This election day got off to a promising start for the television stations. In the end, Armin Laschet (CDU) succeeded in Aachen in throwing a correctly folded ballot into the ballot box, turned it inside out. This enabled the verification of his vote by media representatives present. The fact that his wife Susanne did the same was unfortunately no excuse, but only raised further questions about the motive. In any case, the colleagues from the Bild newspaper discovered the elimination of the electoral secrecy first, which saved their afternoon in election reporting: Like all other colleagues, they had to bridge the many hours of broadcasting until the polling stations closed.

Hubert Aiwanger probably also hoped for the media, but in a different way. In the afternoon, the chairman of the Free Voters tweeted a post-election survey by the Elections Research Group with the note: "Please send the last votes to us too." If the Laschet couple's folded paper seemed strange, Aiwanger's tweet was obviously illegal. The Berlin bureaucracy then succeeded in ensuring that the media did not have to be bored until 6 p.m. Various voters got tangled up in the thicket of elections, a referendum and a marathon, which was not really surprising given the well-known efficiency of the Berlin city administration.

The journalists had something to do, while voters outside Berlin probably took advantage of the fine weather for a trip after going to the polling station.

The frequently expressed hope of a higher voter turnout should not be confirmed.

It remained at the level of the 2017 federal election.

Surveys were correct

The time had finally come: the polling stations closed, except of course in Berlin. The prognosis based on the post-election surveys largely confirmed the poll of the polls, which one should at least mention. After all, they tend to be scolded if they are wrong. The influence of automated social media bots, supposedly omnipotent PR agencies from London, the Russians and Chinese or fake news on the election results played no role. Forget everything, even with the otherwise busy fact finders. Rather, the media were preoccupied with the parties' statements about the upcoming election result.

Only the SPD could be really satisfied, at least at the beginning of this long evening. Finally, as a junior partner in a grand coalition, it became the strongest parliamentary group and, with Olaf Scholz, had the only strong candidate for chancellor to offer.

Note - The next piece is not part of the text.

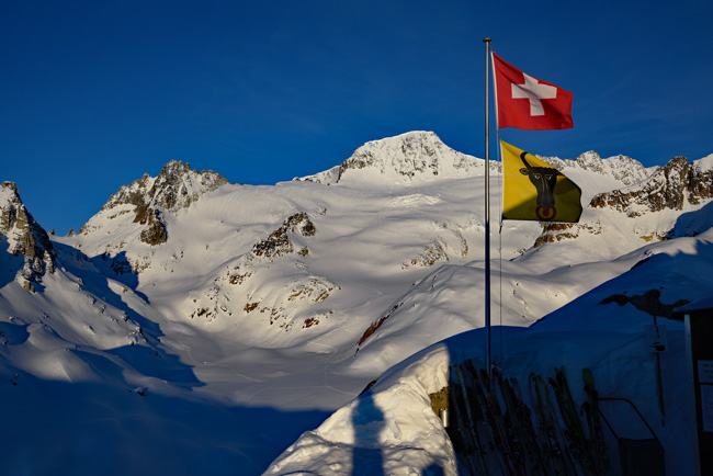 We move south to north, allowing us to ski up more sun affected slopes and descend more shaded north slopes, increasing powder potential. Andermatt is located just down valley from three of the great passes of the Swiss Alps: the Oberlap to the east, St. Gotthard to the south, and Furka to the west. Andermatt is a pretty small place known for excellent off-piste and free-ride terrain and nearby Realp is a less known ski touring mecca.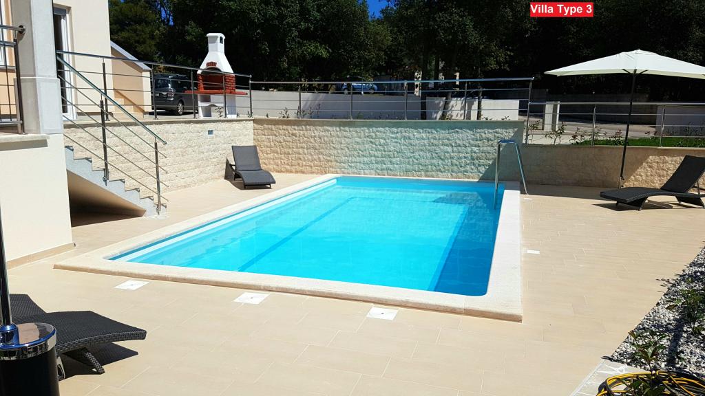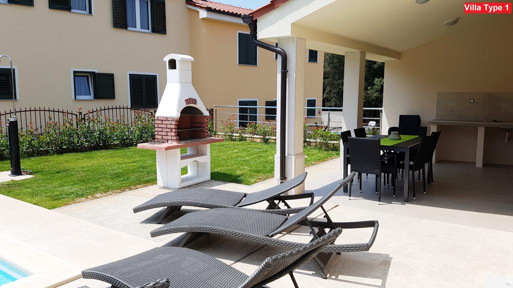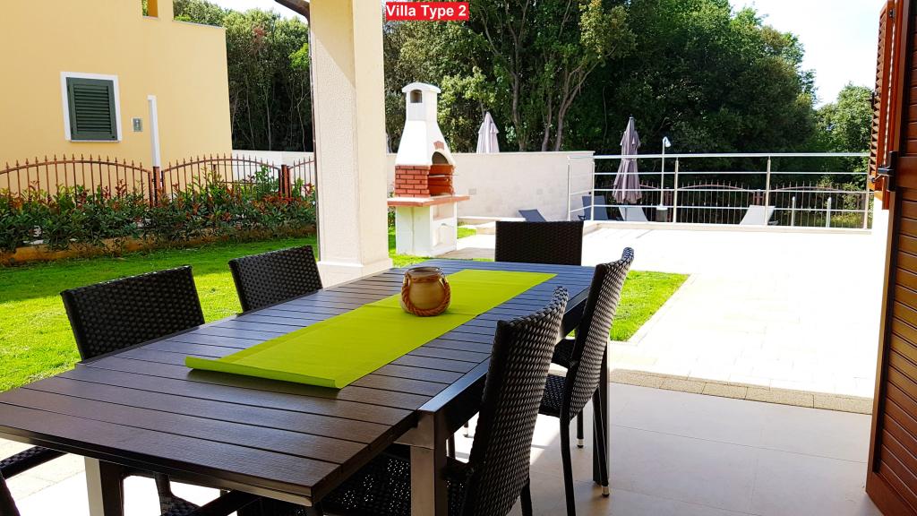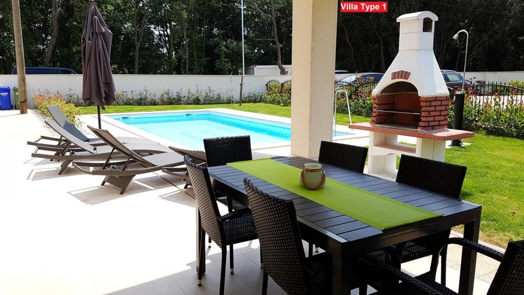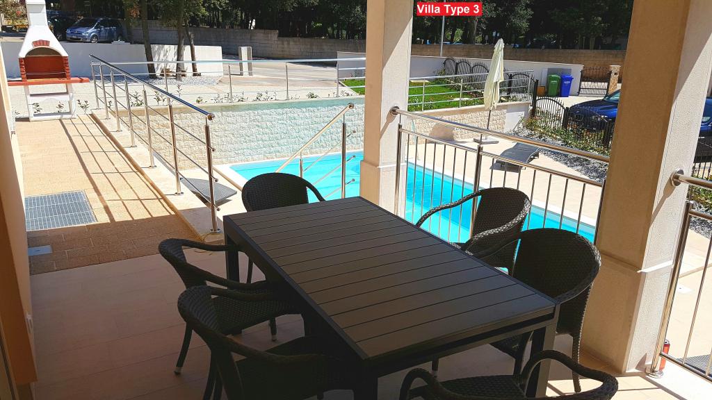 There are 3 types of villas that you can choose from. All villas have the same interior, you just need to choose Villa Type 1, Type 2 or Type 3! The villa can host up to 8 plus 2 guests. There are 4 bedrooms in the Villa, each with its own bathroom. Relax in the cozy living room and prepare delicious meals in the fully equipped kitchen with dining room. You can relax by your private pool, lie on the deckchairs and enjoy the beauty of the sun. You can also prepare specialties on the charcoal grill for your friends and family. If you want to go to the beach, just bring a towel and you're on the beach in a few minutes' walk, but there are also amazing restaurants within walking distance. The villa is air-conditioned, has WiFi, private parking for 3 cars and offers everything for a pleasant vacation.

In a post-election survey, 48 percent of the SPD voters stated that without his candidacy they would not have voted for the Social Democrats. Other parties had to make more effort to give their results a glimmer of hope. Alice Weidel considered the AfD's result to be better than four years ago, despite the loss of votes due to so-called “special factors”. Markus Söder (CSU), once dubbed the “Chancellor candidate of the hearts”, called the “successful catch-up” of the past few days in order to gain something positive from the loss of almost nine percent of the votes.

Again journalism instead of activism?

One was interested in "the election campaign no longer", namely Robert Habeck (Greens).

That was understandable in the election result: after all, a desolate candidate for chancellor, in connection with a grotesque exacerbation of the climate issue, had turned a historically uniquely good starting position into a disaster.

There is no other way of calling it when the Greens file leadership claims with a candidate for chancellor, in order to land ten points behind the competition in the end.

It is to be assumed that it was not due to the lack of support in many traditional media for the candidate “from international law”.

As of today, their influence on the opinion-forming of voters is to be regarded as a negligible factor.

So now they could try journalism again instead of activism.